WHY THIS MATTERS IN BRIEF
- If it were not for the gravity of dark matter galaxies wouldn’t be able to hold themselves together and planets and stars would fly into oblivion
Understanding what Dark Matter is has proven to be amazingly difficult. Of course, one might expect this from a thing that is, for all intents and purposes, entirely invisible – albeit omnipotent. Scientists originally came to the conclusion that dark matter existed by observing the way gravity behaves and deciding that either our model of gravity is in need of an update, or dark matter exists. The latter is the most likely conclusion.
While there seem to be several phenomena explainable only by the existence of dark matter, there hasn’t been actual proof that it indeed exists.
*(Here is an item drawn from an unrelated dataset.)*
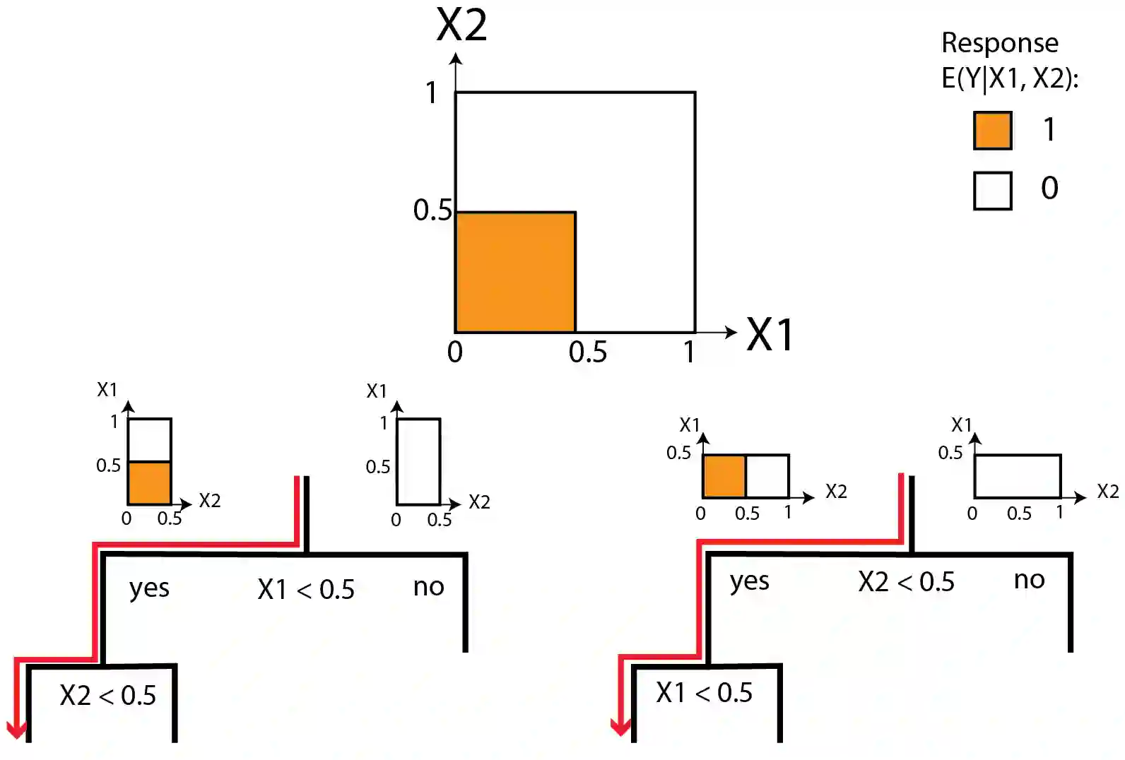 Random Forests (RF) are at the cutting edge of supervised machine learning in terms of prediction performance, especially in genomics. Iterative Random Forests (iRF) use a tree ensemble from iteratively modified RF to obtain predictive and stable non-linear high-order Boolean interactions of features. They have shown great promise for high-order biological interaction discovery that is central to advancing functional genomics and precision medicine. However, theoretical studies into how tree-based methods discover high-order feature interactions are missing. In this paper, to enable such theoretical studies, we first introduce a novel discontinuous nonlinear regression model, called Locally Spiky Sparse (LSS) model, which is inspired by the thresholding behavior in many biological processes. Specifically, LSS model assumes that the regression function is a linear combination of piece-wise constant Boolean interaction terms. We define a quantity called depth-weighted prevalence (DWP) for a set of signed features S and a given RF tree ensemble. We prove that, with high probability under the LSS model, DWP of S attains a universal upper bound that does not involve any model coefficients, if and only if S corresponds to a union of Boolean interactions in the LSS model. As a consequence, we show that RF yields consistent interaction discovery under the LSS model. Simulation results show that DWP can recover the interactions under the LSS model even when some assumptions such as the uniformity assumption are violated.

Studies abound, of course, but to date they have been inconclusive.
What we think we know is that dark matter comprises around almost a quarter of the total mass and energy in the observable universe. It can’t be seen, as it doesn’t seem to interact with photons, but it does interact with gravity, and this is what makes it observable.
By extending the Standard Model of particle physics and using the IBM JUQUEEN BlueGene/Q supercomputer at Jülich’s lab, the team led by Zoltán Fodor came up with elaborate calculations to predict just what particles make up dark matter.
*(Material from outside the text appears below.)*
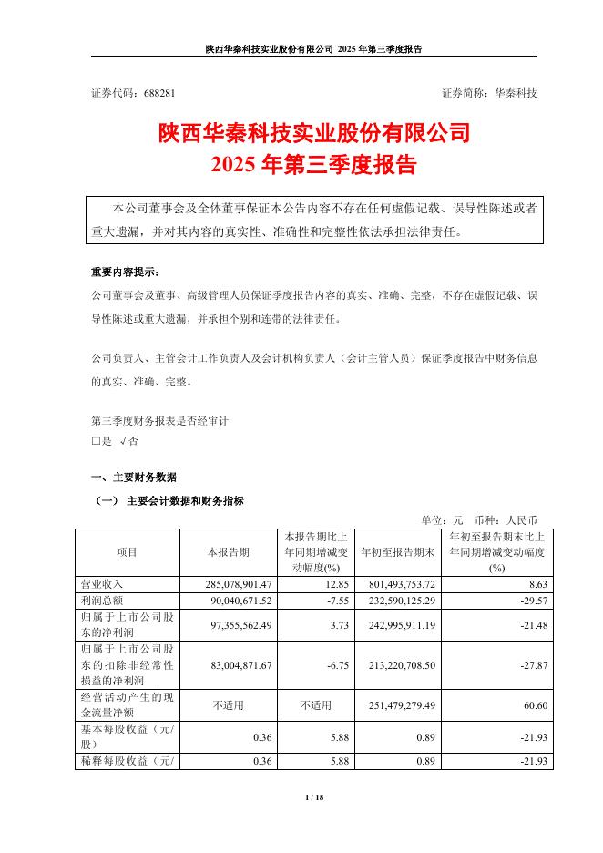 688281-华秦科技:2025年第三季度报告.pdf

Understanding what dark matter is, scientists believe, depends largely upon figuring out what particles make it up and it could be one of two possibilities – either dark matter is composed of a few very heavy particles or several light ones. Fodor’s team looked towards the latter. Of these, axions seem to be the most promising — although even these are still hypothetical and what the researchers needed was evidence that these extremely light subatomic particles exist.
Theoretically, the existence of axions can be explained as an extension to quantum chromodynamics (QCD), which predicts that very weakly interacting particles whose mass depend on quantum topological fluctuations can exist. To demonstrate this, the team used the JUQEEN supercomputer to calculate the conditions under which axions can exist and how they contribute to the matter that makes up the universe.
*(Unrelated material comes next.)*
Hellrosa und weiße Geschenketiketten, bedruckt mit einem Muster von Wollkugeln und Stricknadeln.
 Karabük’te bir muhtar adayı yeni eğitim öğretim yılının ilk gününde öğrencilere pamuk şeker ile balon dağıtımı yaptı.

The results were promising. If dark matter is largely made up of axions, these should posses a mass of 50 to 1,500 micro-electronvolts (standard units of particle physics), which is up to ten billion times lighter than electrons — that’s an average of 10 million axions per cubic centimeter of the universe and that’s at least plausible.
“To find understand what dark matter is made of it’d be extremely helpful to know what kind of mass we are looking for,” said theoretical physicist Ringwald, “otherwise the search could take decades, because we’d have to scan far too large a range. The results we’ve seen are promising and will lead to a race to discover these particles,” says Fodor who predicts that, within a few years, it will be possible to experimentally confirm or rule out the existence of axions.
Thanks to the Jülich supercomputer, we may be a step closer to figuring out dark matter – now that we know what we need to look for.